Innovation-Why We Go Racing! (Electric Vehicles: Everything is Changing. USA 2017)

Mr Ken Gould, e-Mobility Technical Systems Engineer
Porsche Cars North America
United States
 

プレゼンテーション概要

The relationship between motorsport activities, technical innovation, durability and refinement is fundamental at Porsche. As we move toward the electrically enhanced and full electric vehicle drive systems in production vehicles, it is important to retain the performance and the "Fun to Drive" characteristics. We believe development for and participation in Motorsport activities is the best way to achieve this goal.

講演者の経歴 (Ken Gould)

Ken Gould serves as e-Mobility Technical Systems Engineer for Porsche Cars North America (PCNA) and has primary aftersales technical responsibility for the hybrid electric vehicles and GT Sportscars sold in North America. This includes the 918 Spyder, GT3, GT3 RS and GT4. He is a graduate of Indiana-Purdue University at Fort Wayne, IN with a BS EET and is listed as co-inventor on 6 patents. From 1981 to 1991 Ken served various engineering roles with Magnavox Government & Industrial Systems (now Raytheon) in the development and manufacturing of specialized RF and fiber optic defense systems. In 1992 he made the leap to the automotive industry and joined Ford where he worked primarily in Europe as System Integration Engineer and Launch Support Engineer on European Ford and Jaguar vehicle programs. Upon his return to the US in 2000, Ken began work with the Ford spin-off, Visteon. In 2002 Ken joined PCNA in Atlanta where he served as Aftersales Support Engineer and later Lab Engineer prior to his current responsibilities.

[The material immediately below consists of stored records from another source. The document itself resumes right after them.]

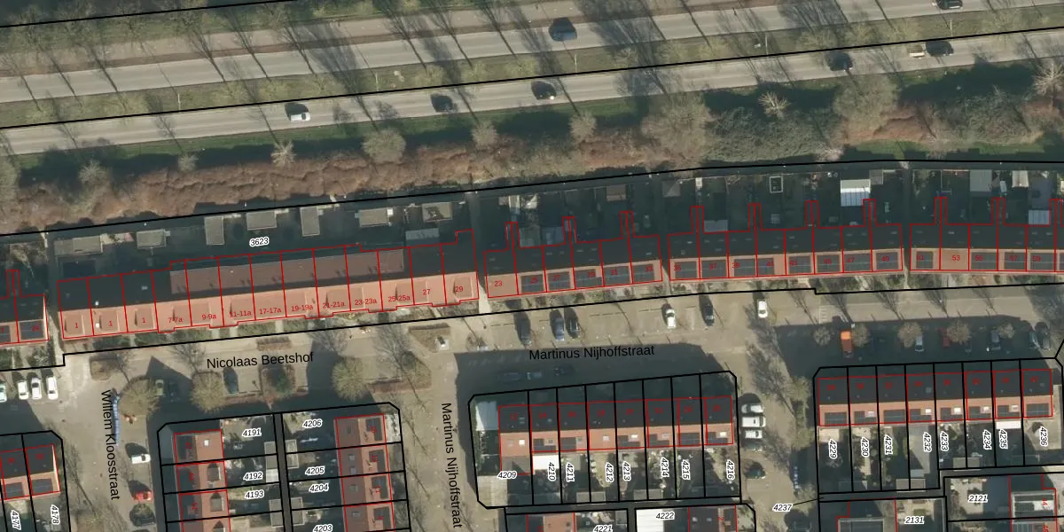Het perceel waarop Martinus Nijhoffstraat 25 staat heeft een oppervlakte van 7510 m². Dit is een zeer groot perceel. De perceeloppervlakte wordt geregistreerd door het Kadaster. Gedetailleerde informatie over de maten van dit perceel kunt u vinden in het rapport Kadastrale kaart met maatvoering van Martinus Nijhoffstraat 25.
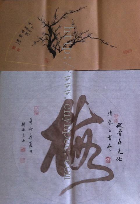 云南普洱茶信息网推荐·茶人书画家·耕田之子·丁焕东先生作品·扇圆梅套图·中堂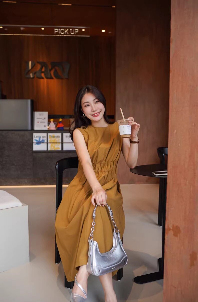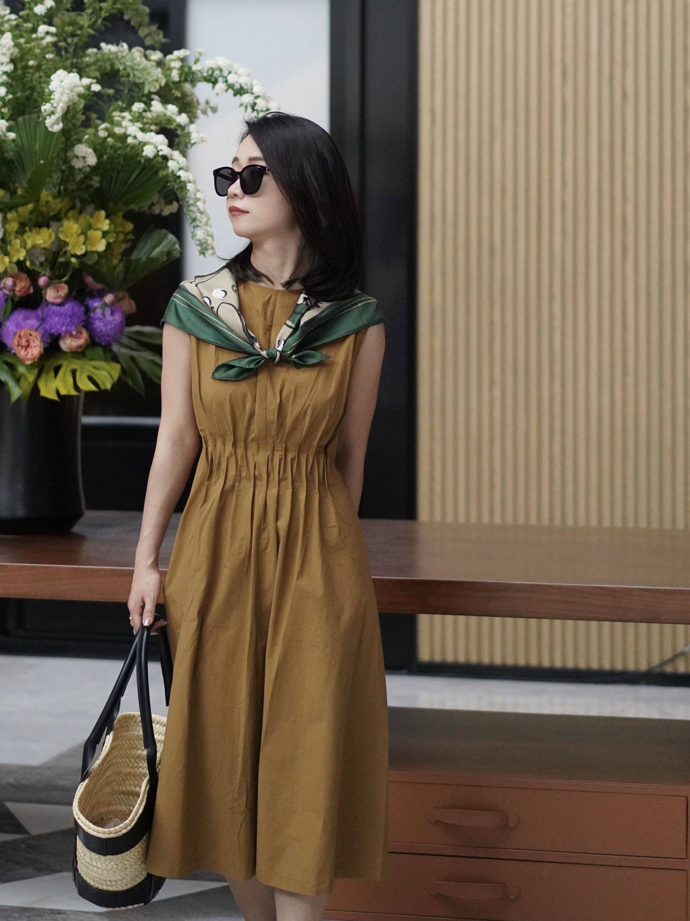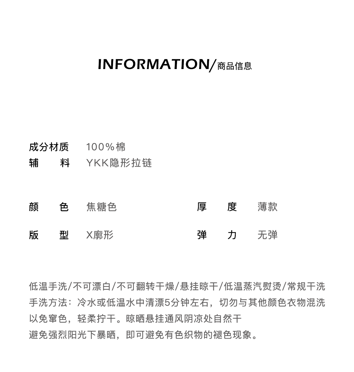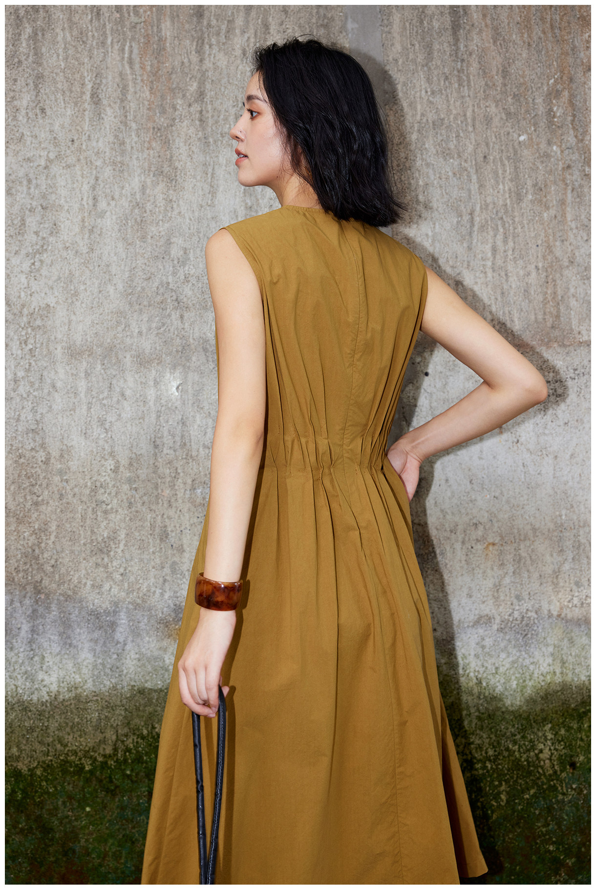 芝美日禾 自然褶皺收腰背心連衣裙焦糖色全棉無袖極簡通勤復古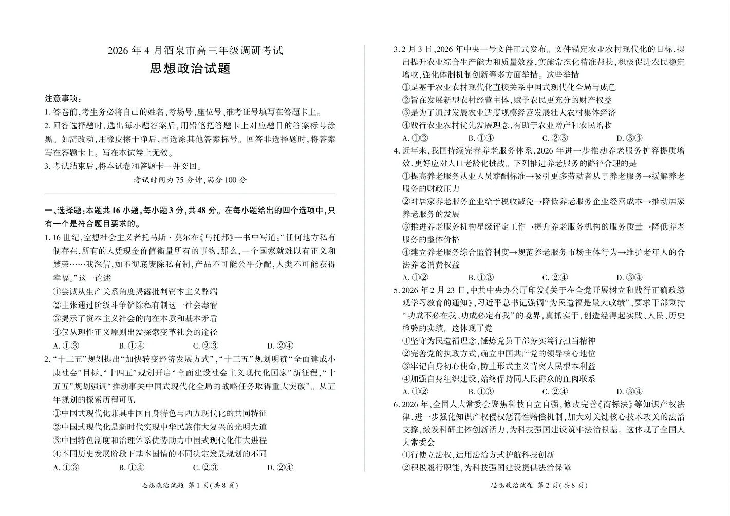 2026年4月酒泉市高三年级调研考试 政治.pdf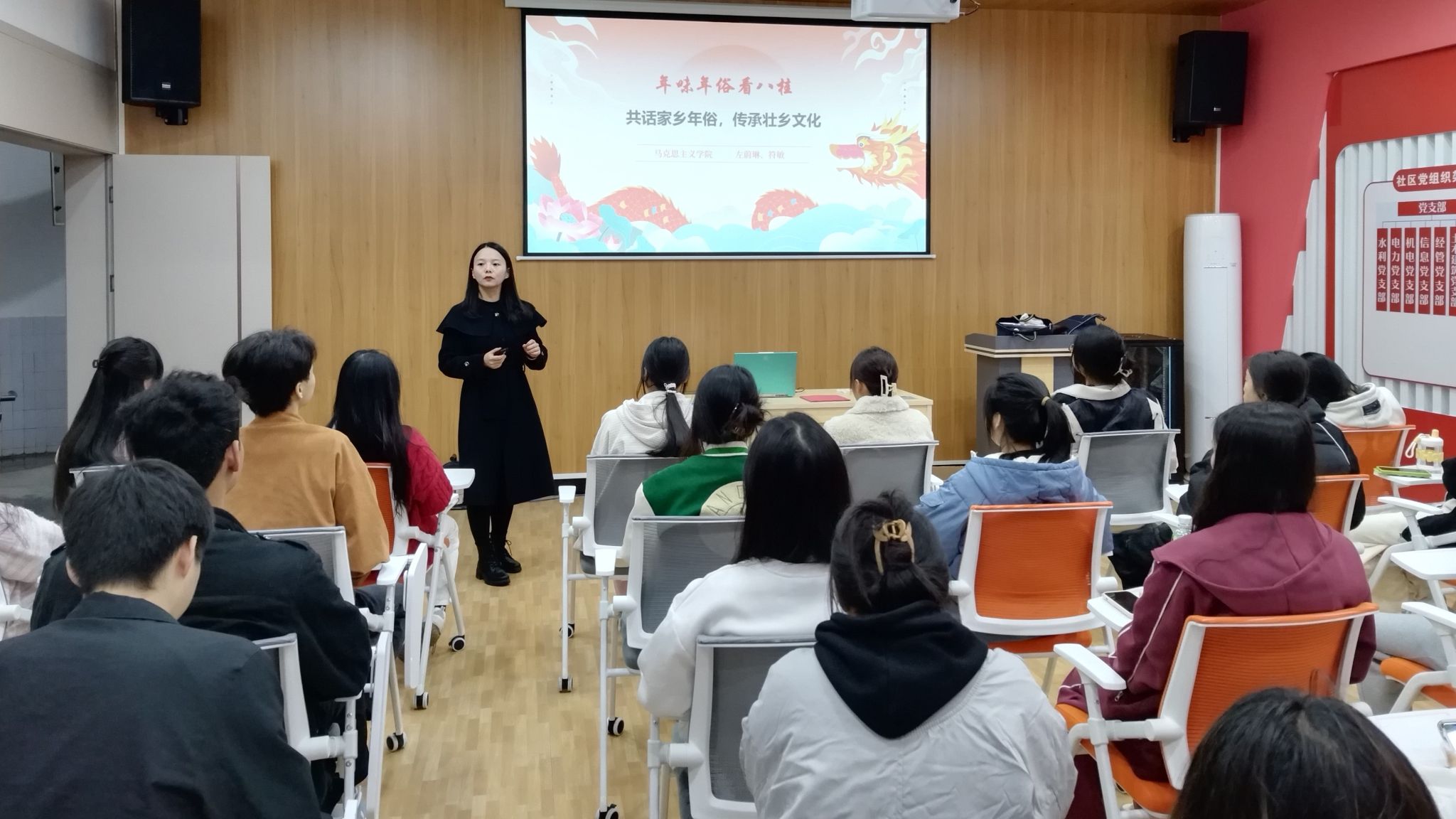 [本网讯]为深入学习贯彻习近平文化思想,推动中华优秀传统文化创造性转化和创新性发展,深挖民族节日文化的丰富内涵,坚定文化自信,3月13日,马克思主义学院教师左蔚琳、符敏在长堽校区“一站式”学生社区组织开展传承中华民族优秀传统文化主题活动之“年味年俗看八桂——共话家乡年俗 传承壮乡文化”。来自经济管理学院、信息工程学院的40名同学参加了本次活动。

会社紹介 (Porsche Cars North America Inc.)

Porsche Cars North America Inc. logo
Dr. Ing. h.c. F. Porsche AG, headquartered in Stuttgart, Germany, specializes in high-performance sports cars, SUVs and sedans. Established as an engineering office in the 1930s by Ferdinand Porsche. Vehicles with motorsport focus were designed there as early as 1931. After his son Ferry Porsche took over in the late 1940s, the motorsport DNA was carried forward and evolved into the vehicles of today.